Patients in the control group received standard medical therapy, which included antiplatelet agents, lipid-lowering drugs, diuretics, and medications aimed at improving cardiac function and attenuating left ventricular remodeling. The primary medications included aspirin (100 mg once daily) and simvastatin (10 mg once daily), both administered orally with warm water. Additional agents included metoprolol (12.5 mg twice daily), captopril (12.5 mg twice daily), hydrochlorothiazide (25 mg twice daily), and isosorbide dinitrate (10 mg twice daily). Valsartan was initiated at a dose of 20 mg twice daily and titrated to a maintenance dose of 160 mg twice daily.
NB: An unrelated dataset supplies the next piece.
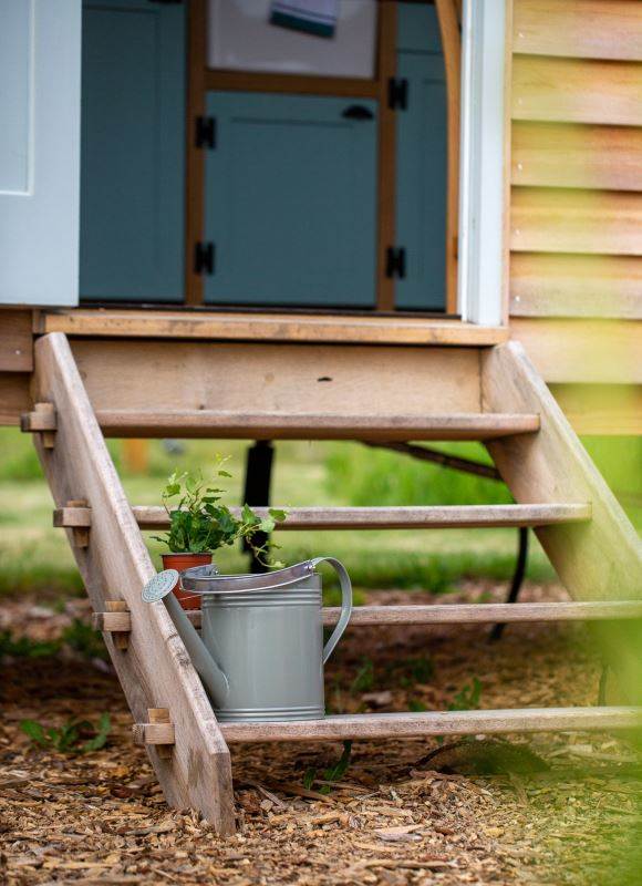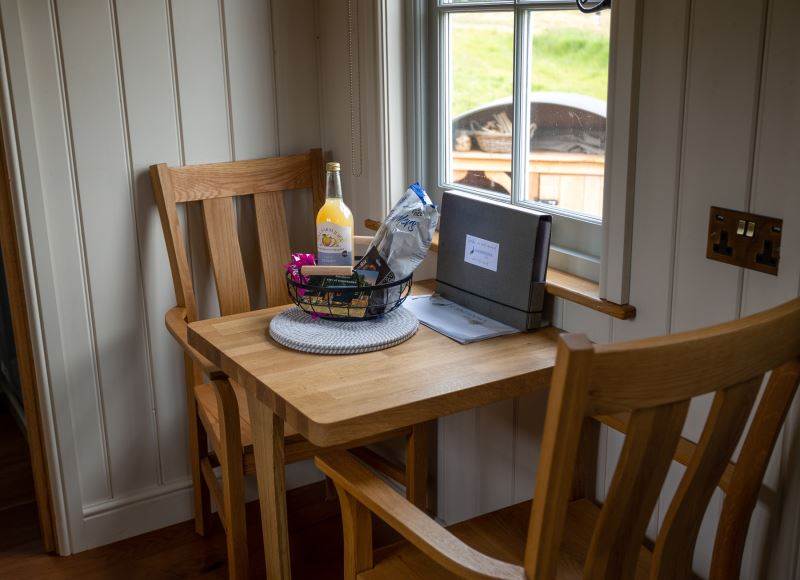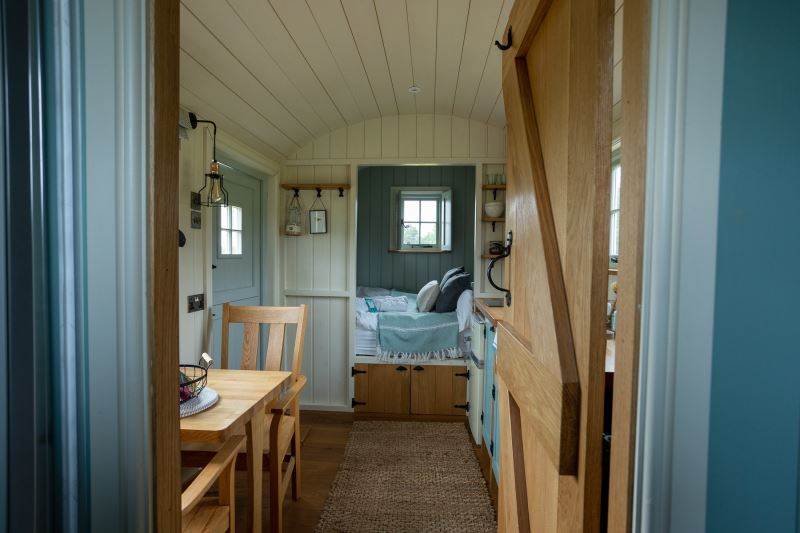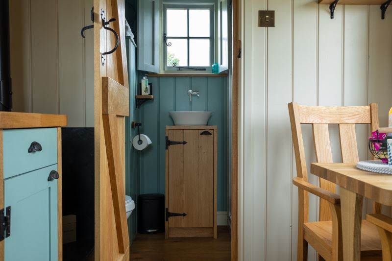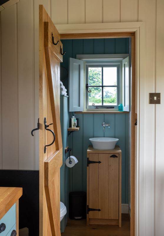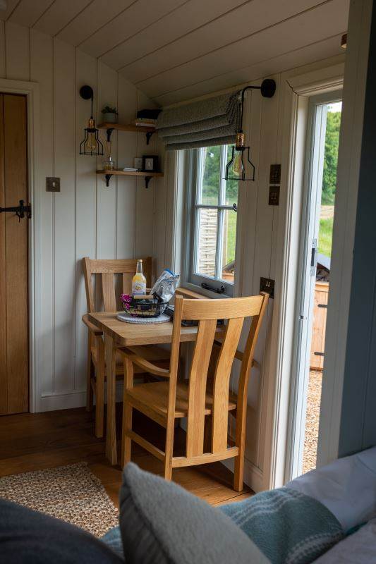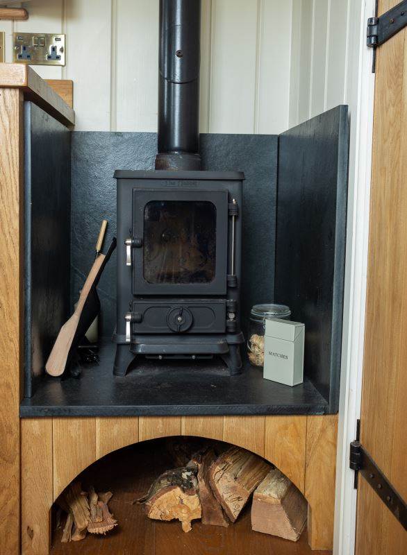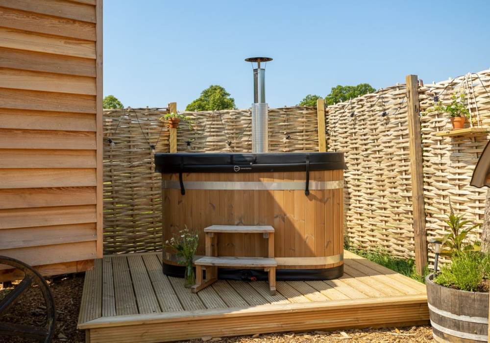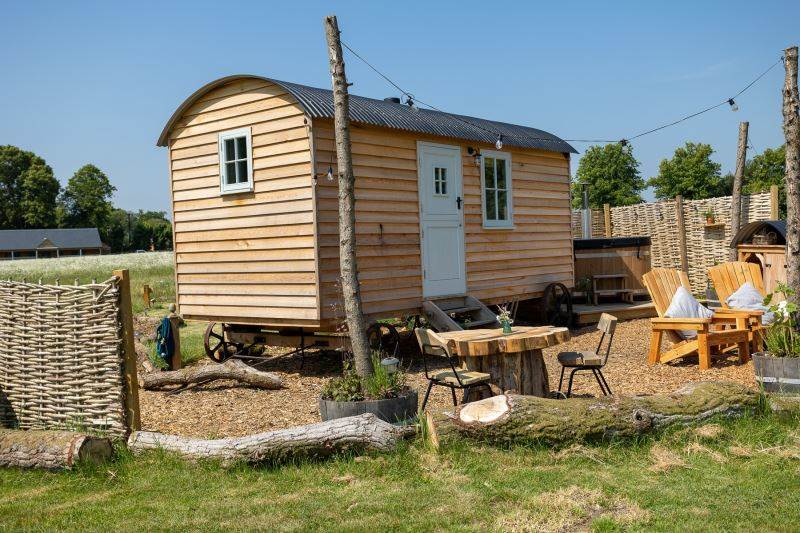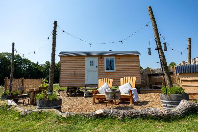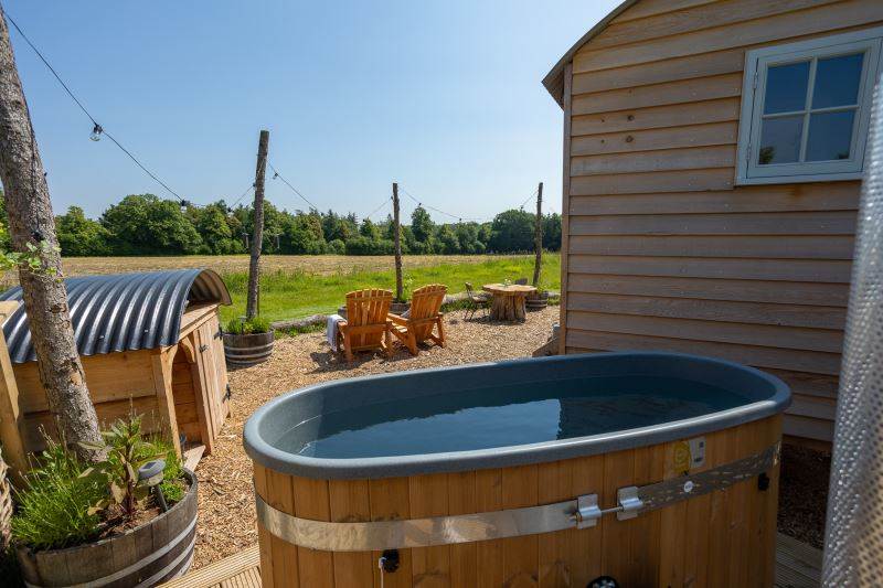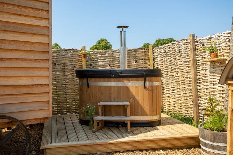 A beautiful, locally crafted shepherd's hut with a full-size double bed, organic cotton bedding, ensuite full-size hot water shower and toilet. Mini kitchen area with fridge freezer, 2 ring induction hob, kettle and toaster. Outside you’ll be surrounded by the estate’s wildlife, outdoor furniture that’s been lovingly created from wood from the estate, locally sourced charcoal for the Weber bbq, re-purposed washing machine drum firepit, and the highlight is the wood-fired hot tub.

The study group received the same standard treatment regimen, with the substitution of sacubitril/valsartan for valsartan. Sacubitril/valsartan was initiated at 50 mg twice daily and titrated to 100 mg twice daily based on patient tolerance. Both treatment regimens were administered in two cycles, with each cycle lasting 14 days.

Observation indicators

Primary outcome measures

1. Serum biomarker analysis: Blood samples (5 mL) were collected before treatment and 6 months after treatment. Serum levels of NT-proBNP, cardiac troponin I (cTnI), and high-sensitivity C-reactive protein (hs-CRP) were quantified using enzyme-linked immunosorbent assay (ELISA) kits. All reagents were sourced from Wuhan Boet, Shanghai Kanglong, and Shanghai Fuyu Biochemical Technology.

2. Assessment of left ventricular function: Doppler echocardiography was performed before treatment and 6 months post-treatment to assess cardiac function. Key parameters included left ventricular end-diastolic volume (LVEDV), left ventricular end-systolic volume (LVESV), and LVEF.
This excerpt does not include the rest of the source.